2)在1)的基础上对数据进行降噪，归一化处理，通过层次分析法确定节点业务类型，进行特征提取；2) On the basis of 1), perform noise reduction and normalization processing on the data, determine the node business type through the analytic hierarchy process, and perform feature extraction;

3)在2)的基础上，把数据输入到DDQN决策网络中实时训练，应用执行结果，使网络状态趋于稳定。
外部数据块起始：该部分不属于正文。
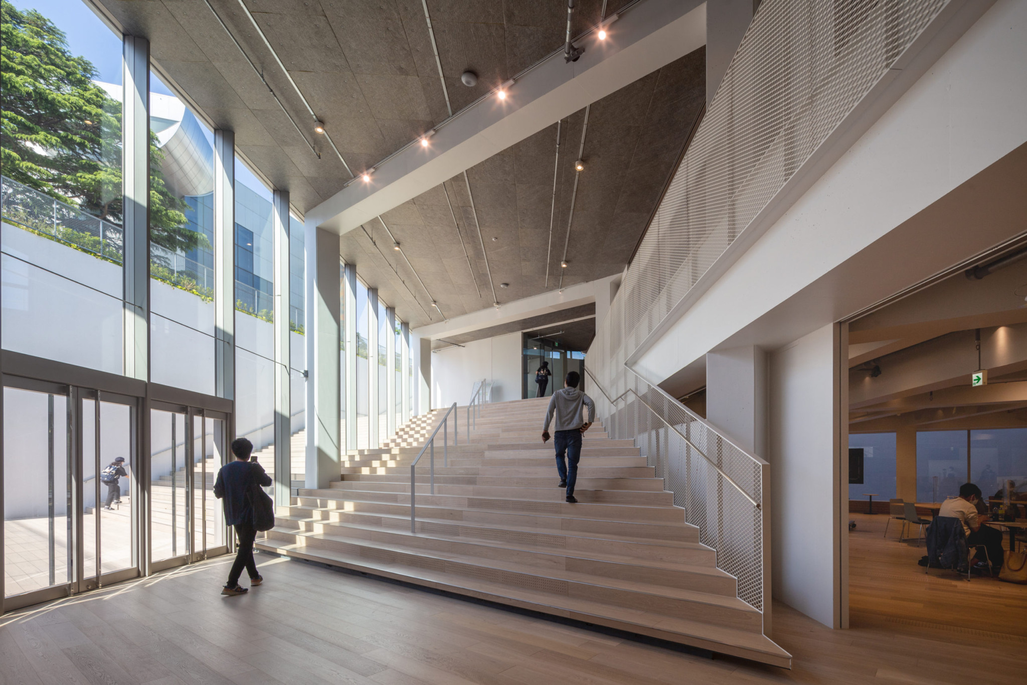 The line between the interior space and exterior landscape is blurred by continuing the stepped landscape into the building. This allows activities such as co-learning and joint workshops to be held simultaneously on different levels. The space flows ambiguously without clear spatial divisions, stimulating the senses of the users both visually and physically.

3) On the basis of 2), input the data into the DDQN decision-making network for real-time training, and apply the execution results to stabilize the network state.

1.一种基于DDQN的无线网络自选择协议的方法，其特征在于包括以下步骤：1. A method for wireless network self-selection protocol based on DDQN, which is characterized by including the following steps:

第一步：通过环境代理模块实时获取当前网络环境质量参数及节点业务类型确定状态、动作及奖励值；Step 1: Obtain the current network environment quality parameters and node business type in real time through the environment agent module to determine the status, action and reward value;

状态空间定义：在t时刻一个终端的状态状态空间S的定义为s_mn∈S，表示终端m接入了第n个网络并在网络中进行信息交互时的状态；其状态空间为：State space definition: The definition of the state space S of a terminal at time t is s _mn ∈S, which represents the state when the terminal m is connected to the nth network and interacts with information in the network; its state space is:

S＝s₁,s₂,…,s_mn (1)S＝s ₁ ,s ₂ ,…,s _mn (1)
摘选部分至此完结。